**Problem description:** In the entries below, find the line with "Quần dài INCERUN" and the line with "中休みに、クラスごとに、長縄8の字跳びに挑戦します。"; reproduce those two lines and all lines between them exactly, without pictures.

**Record excerpts:**
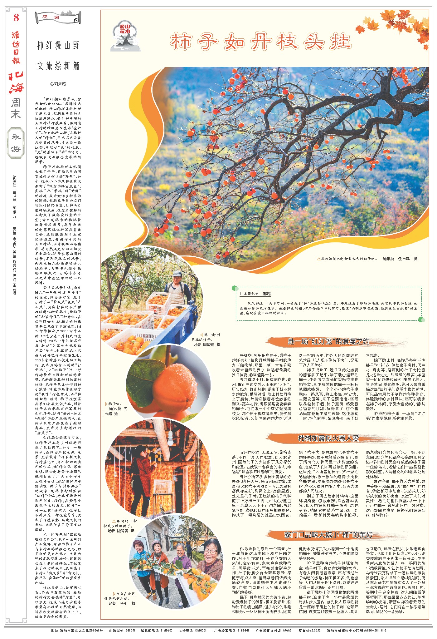 从山间野果到“国家地理标志产品”,从单一景观到产业集群,潍坊的柿子产业与乡村旅游的融合之路,彰显出的是生态优先、文化为魂的发展智慧。如今,这抹跃动在山水间的橙红,不仅装点了潍坊的秋天,更照亮了乡村从“卖风景”到“卖文化、卖产品、卖体验”的转型发展之路。
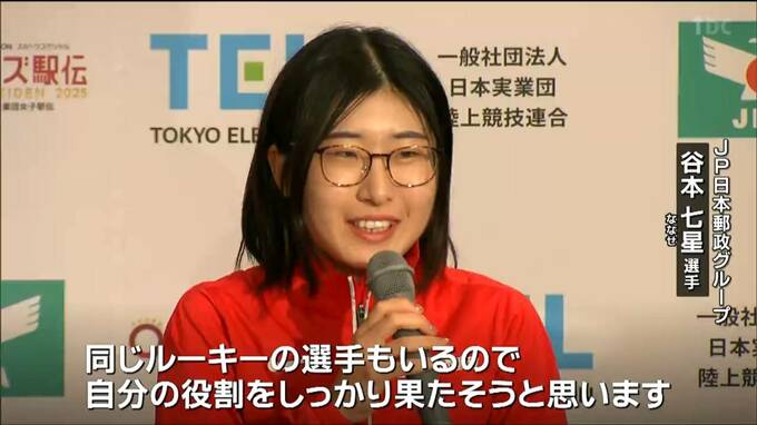 JP日本郵政グループ・谷本七星(ななせ)選手:「今年の目標が2連覇に挑戦ということなんですけども、同じルーキーの選手もいるので自分の役割をしっかり果たそうと思います。」
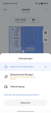 O Xiaomi Robot Vacuum 5 Pro é configurado e controlado por meio do aplicativo Xiaomi Home. O processo de configuração é guiado passo a passo e é fácil de entender. Logo em seguida, o robô aspirador e esfregão começa com uma rápida criação de mapa, que é continuamente refinado durante os processos de limpeza subsequentes.
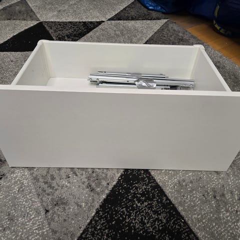 Vanhempaa mallia olevat Bestån kaksi valkoista korkeakiiltoista laatikkoa. Laatikot ovat sopivia uusiinkin Bestån runkoihin.
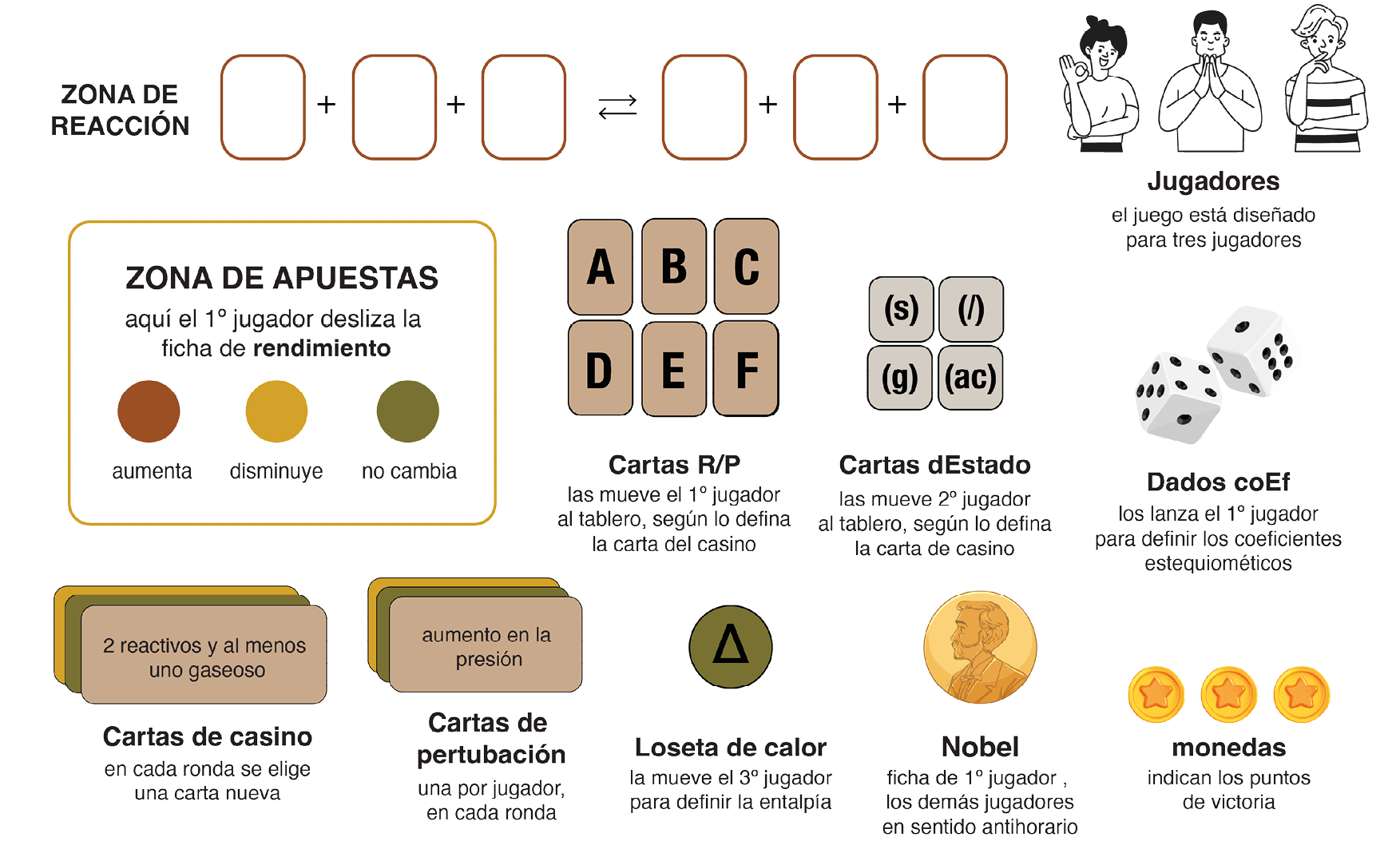 El juego cuenta con una variedad de elementos físicos diseñados para representar de forma concreta y manipulativa los conceptos de equilibrio químico. A continuación se detallan los componentes:
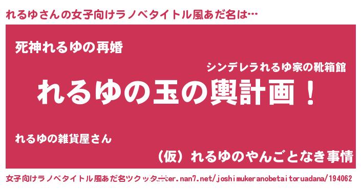 | ヘコむあだ名 | 『れるもー』『酢こんぶ』『れるを』 |
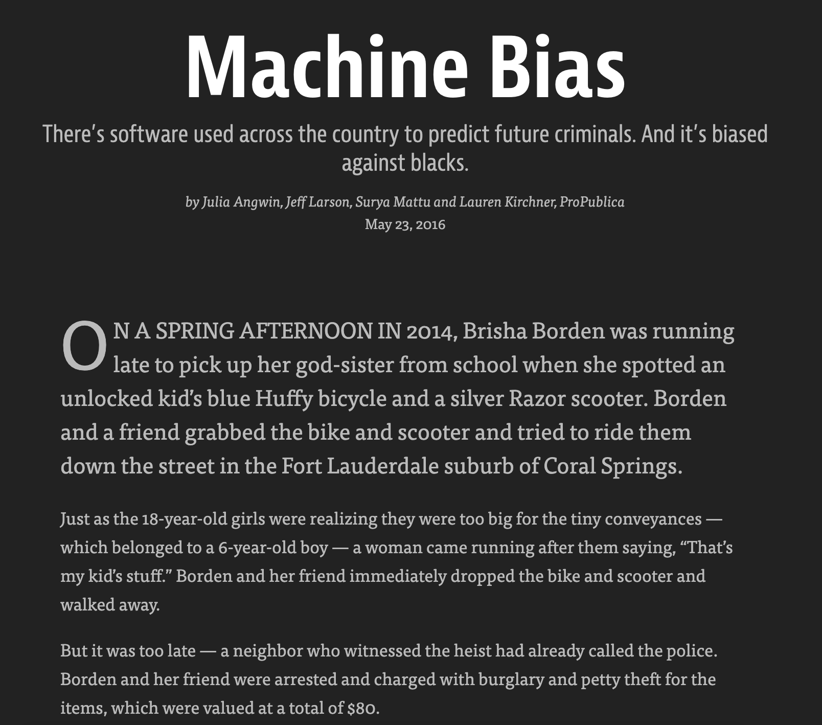 2016 ProPublica article on algorithm used for rating a defendant’s risk of future crime:
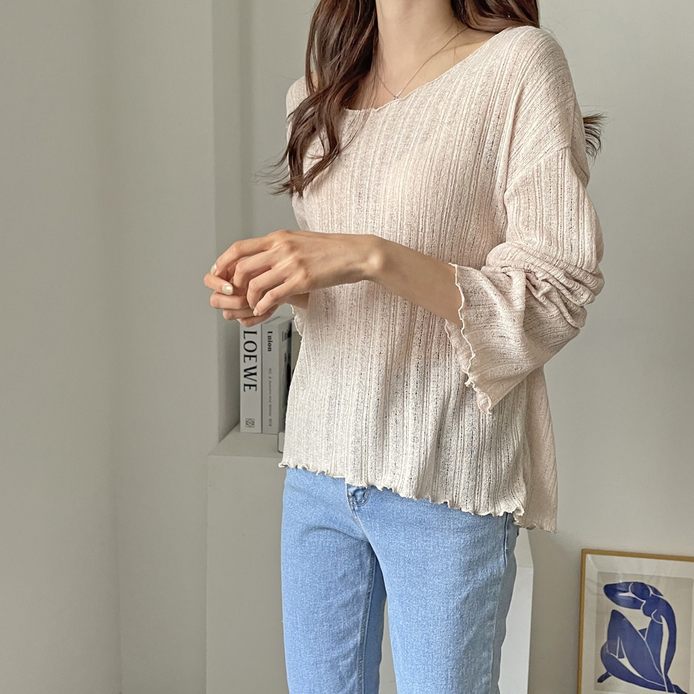소매와 넥라인, 밑단에 물결 디테일이 더해져
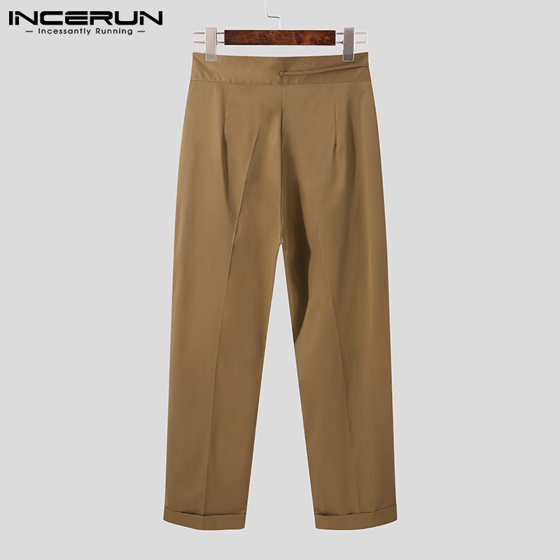 Quần dài INCERUN ống rộng suông thẳng màu trơn thời trang phong cách Hàn Quốc cho nam
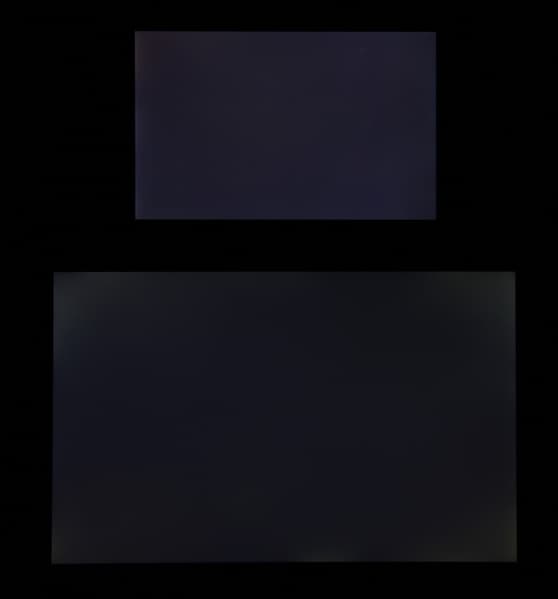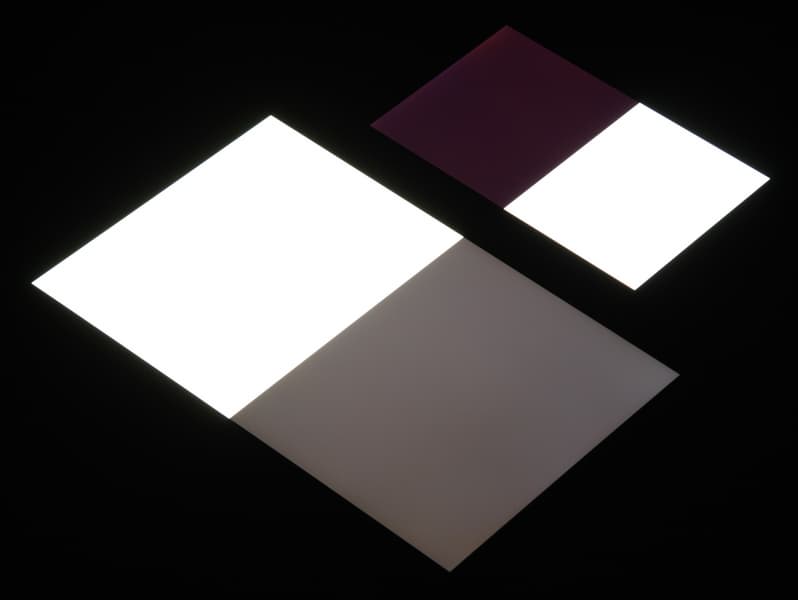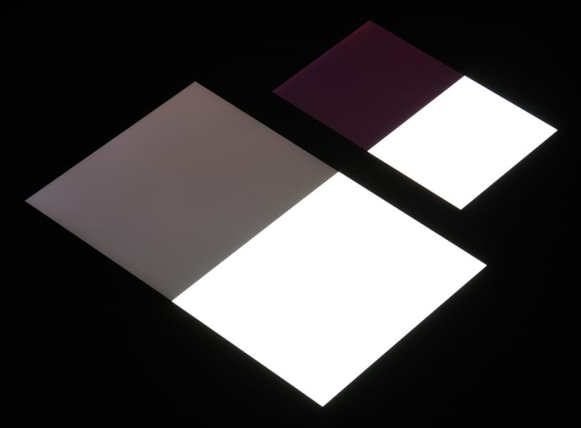 Черное поле при отклонении по диагонали сильно высветляется и приобретает легкий красноватый оттенок. Фотографии ниже это демонстрируют (яркость белых участков в перпендикулярном плоскости экранов направлении одинаковая!):
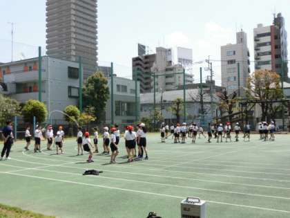 中休みに、クラスごとに、長縄8の字跳びに挑戦します。
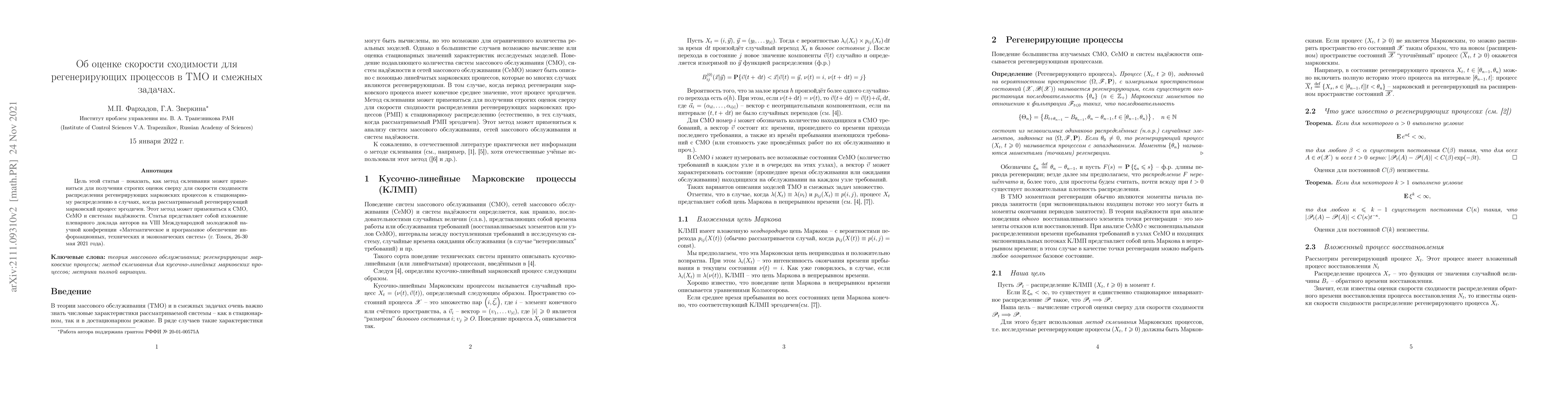 In queuing theory and related problems, it is very important to know the numerical characteristics of an investigated system - both in stationary and non-stationary modes. In some cases, such characteristics can be calculated, but this is possible for a limited number of real models. However, in most cases, it is possible to calculate or estimate the stationary values of the characteristics of the studied models. We can use linear Markov processes to model how the overwhelming majority of queuing systems (QS), reliability systems, and queuing networks (QNS) operate; the processes are regenerative in many cases. In the case when the regeneration period of the Markov process has a finite average value, this process is ergodic. An adjunction method can be used to obtain strict upper bounds for the convergence rate of the Markov process (MP) distribution to a stationary distribution (naturally, in cases where the MP under consideration is ergodic). This method can be applied to analyze queuing systems, queuing networks, and reliability systems. The purpose of this paper is to show how to use the adjunction method to obtain strict upper bounds for the MP distribution convergence rate as the regenerating Markov process converges to a stationary distribution if the Markov process is ergodic. This method can be applied to QS, QNS, and reliability systems. The article is a summary of the plenary report of the authors at the VIII International Youth Scientific Conference "Mathematical and software support of information, technical, and economic systems"; (Tomsk, May 26-30, 2021). In Russian.
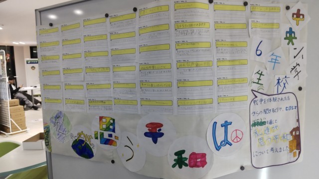 6年生がまつばらテラスで「私が思う平和は」展を行っています。
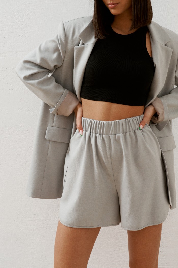 Шорты прямого кроя, с плавным срезом по низу, выполнены из легкой костюмной ткани. Шорты идеальный вариант дополнения повседневных образов.

**Task result:**
 Quần dài INCERUN ống rộng suông thẳng màu trơn thời trang phong cách Hàn Quốc cho nam
 Черное поле при отклонении по диагонали сильно высветляется и приобретает легкий красноватый оттенок. Фотографии ниже это демонстрируют (яркость белых участков в перпендикулярном плоскости экранов направлении одинаковая!):
 中休みに、クラスごとに、長縄8の字跳びに挑戦します。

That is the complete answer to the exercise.